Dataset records
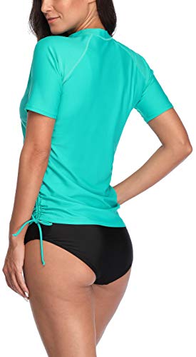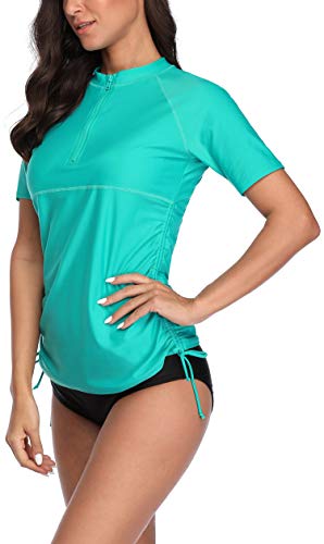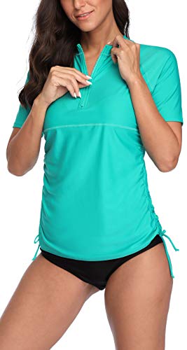 Unique design with adjustable side drawstring for elegant ruched look, you can adjust the both side of the swim shirt to best fit for you body and belly
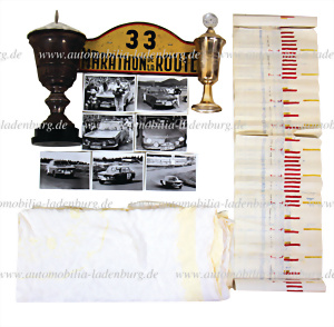 1965, Konvolut 5tlg. darunter Pokal 8. Platz Gesamtwertung Marathon de la Route 84h Nürburgring, Nikolaus Killenberg / Georg Bialas auf BMW 1600, Höhe 45cm auf Mamorsockel, sowie AMC-Soest Pokal für hervorragende Leistungen während De la Route 1965, Höhe 33cm, original Gebetsbuch vom Rennen, No. 33 Ralley-Schild und 7 s/w Aufnahmen (Photo Robyns) während der Veranstaltung 13x18cm
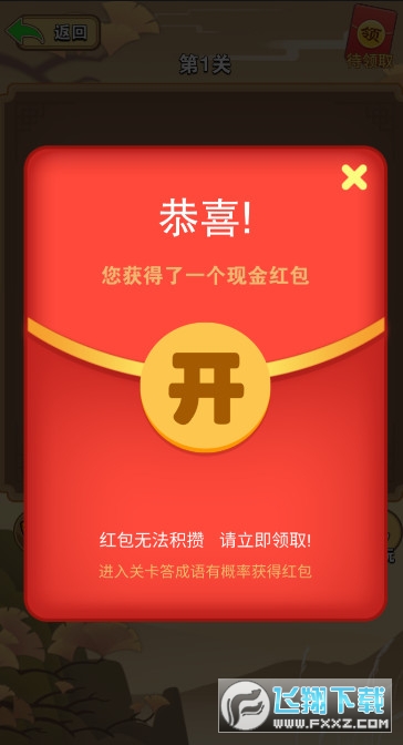 1、玩家通过猜出关卡题目给出的图片描述的成语来过关升级自己和随机获得红包;
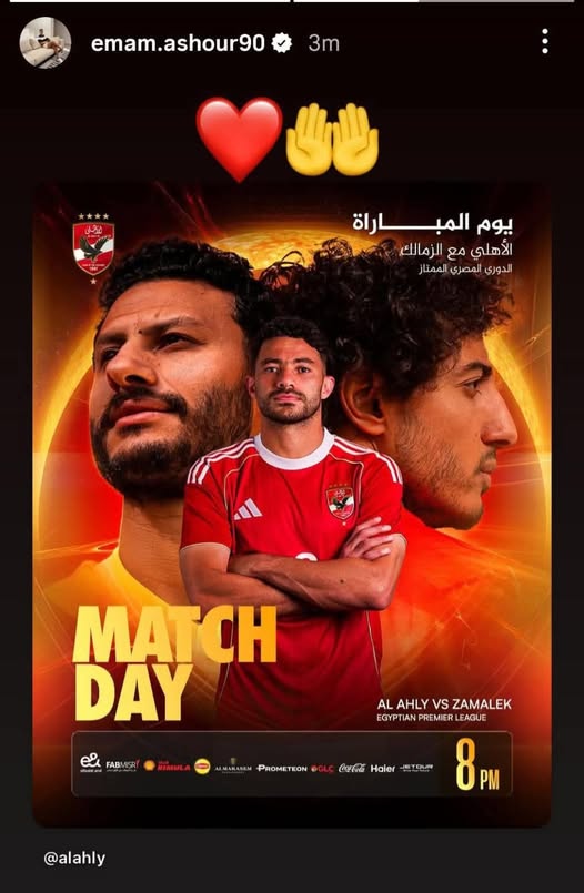 ونشر إمام عاشور ستوري عبر حسابه على انستجرام لدعم الفريق، وذلك في ظل غياب اللاعب بسبب الإصابة بفيروس A وهو ما يبعده عن الأهلي في الفترة الحالية.
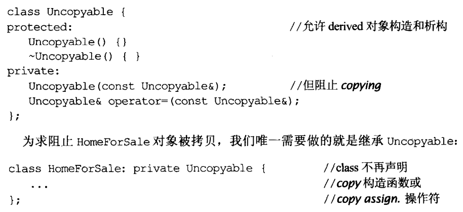 手动声明为private的copy构造函数或copy assignment以阻止自动生成的相应函数,使class不被复制。

REQUIRED ACTION
Take the line that contains "ونشر إمام عاشور" and every line after it down to the last line of the entries above, and output them exactly, with nothing else and no pictures.

RESULT FOR THIS EXERCISE
 ونشر إمام عاشور ستوري عبر حسابه على انستجرام لدعم الفريق، وذلك في ظل غياب اللاعب بسبب الإصابة بفيروس A وهو ما يبعده عن الأهلي في الفترة الحالية.
 手动声明为private的copy构造函数或copy assignment以阻止自动生成的相应函数,使class不被复制。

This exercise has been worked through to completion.